- **Prompt**
Retype the material that follows exactly, limited to the lines from the one with "12. … und ihn" through the one with "John Taylor Arms", and keep out all pictures.

- **Provided records**
══════════════════════════════
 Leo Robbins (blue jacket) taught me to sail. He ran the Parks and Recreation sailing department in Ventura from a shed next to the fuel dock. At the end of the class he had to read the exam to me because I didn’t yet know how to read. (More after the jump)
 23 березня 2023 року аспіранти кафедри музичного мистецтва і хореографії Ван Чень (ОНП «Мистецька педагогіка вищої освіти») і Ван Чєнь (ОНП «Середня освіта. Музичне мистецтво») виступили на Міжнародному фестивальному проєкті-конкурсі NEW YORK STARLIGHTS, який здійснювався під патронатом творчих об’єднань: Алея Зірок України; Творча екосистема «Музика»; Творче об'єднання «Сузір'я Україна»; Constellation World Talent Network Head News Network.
══════════════════════════════
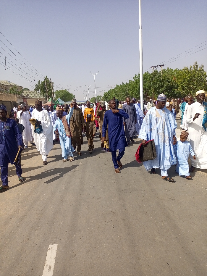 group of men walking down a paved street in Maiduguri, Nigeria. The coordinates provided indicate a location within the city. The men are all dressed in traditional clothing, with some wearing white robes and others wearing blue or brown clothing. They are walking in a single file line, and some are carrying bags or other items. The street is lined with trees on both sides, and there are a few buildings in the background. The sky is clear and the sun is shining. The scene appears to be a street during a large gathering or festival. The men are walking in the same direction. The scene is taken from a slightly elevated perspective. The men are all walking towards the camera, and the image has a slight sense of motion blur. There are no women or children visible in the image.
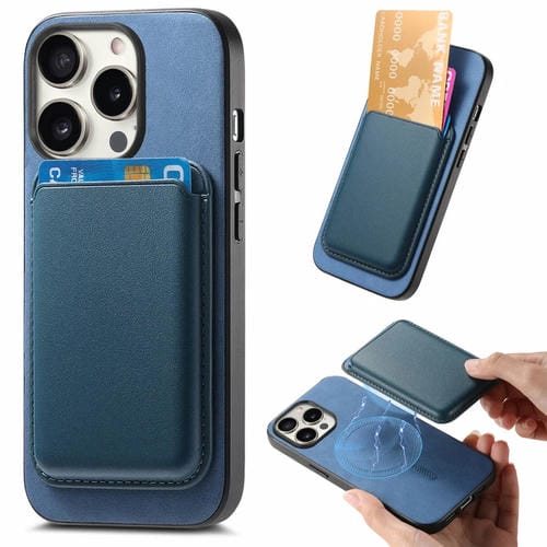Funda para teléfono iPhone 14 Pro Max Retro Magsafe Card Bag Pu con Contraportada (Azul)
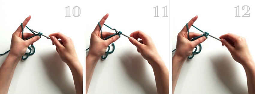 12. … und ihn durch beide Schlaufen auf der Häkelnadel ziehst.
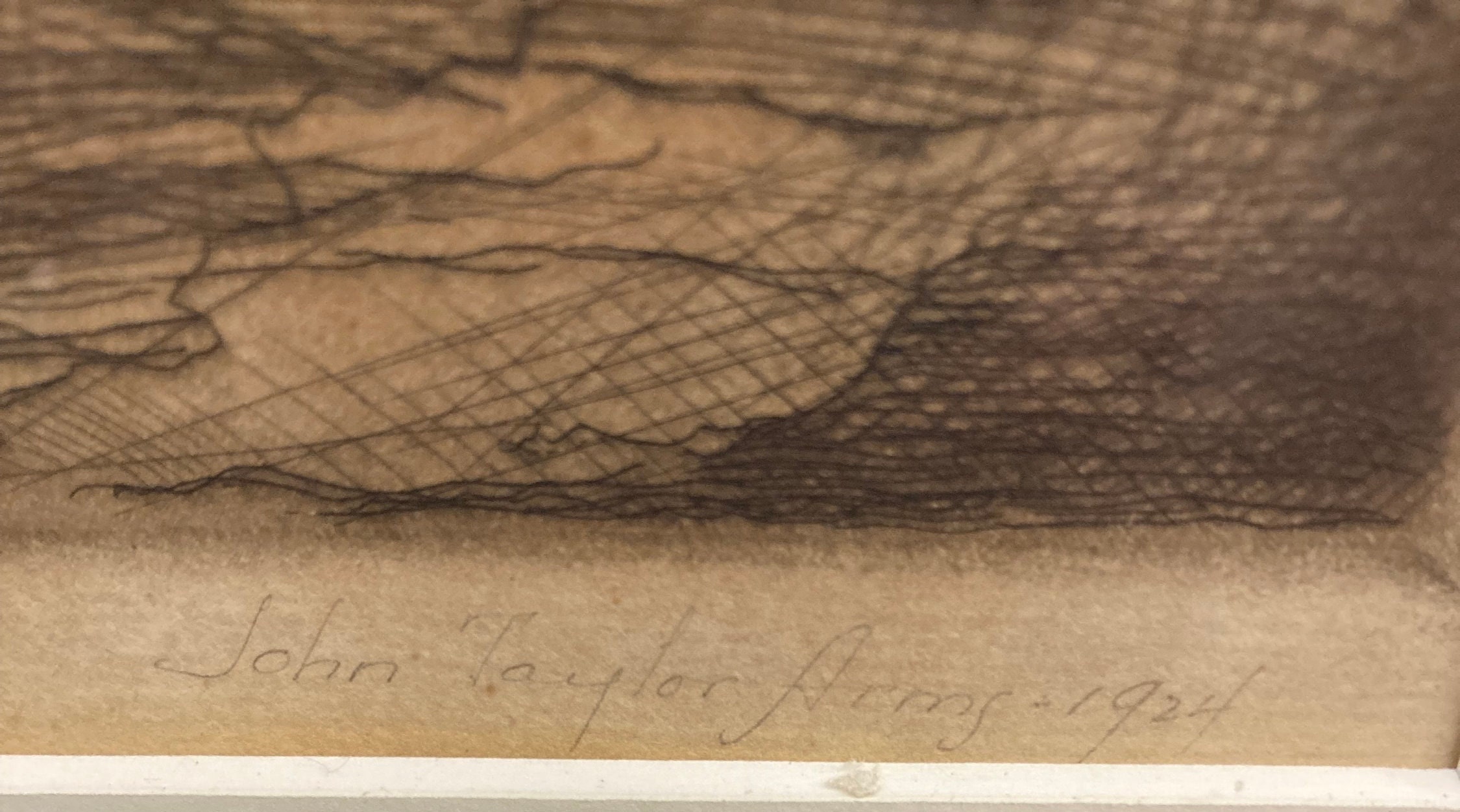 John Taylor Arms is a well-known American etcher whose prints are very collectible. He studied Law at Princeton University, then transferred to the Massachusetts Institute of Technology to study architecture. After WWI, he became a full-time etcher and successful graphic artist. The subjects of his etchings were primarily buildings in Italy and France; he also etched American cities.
══════════════════════════════
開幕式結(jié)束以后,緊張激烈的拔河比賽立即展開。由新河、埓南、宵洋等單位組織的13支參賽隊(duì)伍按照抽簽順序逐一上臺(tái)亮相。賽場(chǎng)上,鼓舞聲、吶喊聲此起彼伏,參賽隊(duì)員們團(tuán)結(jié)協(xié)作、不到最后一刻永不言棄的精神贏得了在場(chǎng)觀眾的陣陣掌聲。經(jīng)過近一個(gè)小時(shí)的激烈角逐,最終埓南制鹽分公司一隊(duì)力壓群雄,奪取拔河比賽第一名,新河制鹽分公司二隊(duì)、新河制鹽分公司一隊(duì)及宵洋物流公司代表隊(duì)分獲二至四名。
══════════════════════════════
- **Output for this task**
 12. … und ihn durch beide Schlaufen auf der Häkelnadel ziehst.
 John Taylor Arms is a well-known American etcher whose prints are very collectible. He studied Law at Princeton University, then transferred to the Massachusetts Institute of Technology to study architecture. After WWI, he became a full-time etcher and successful graphic artist. The subjects of his etchings were primarily buildings in Italy and France; he also etched American cities.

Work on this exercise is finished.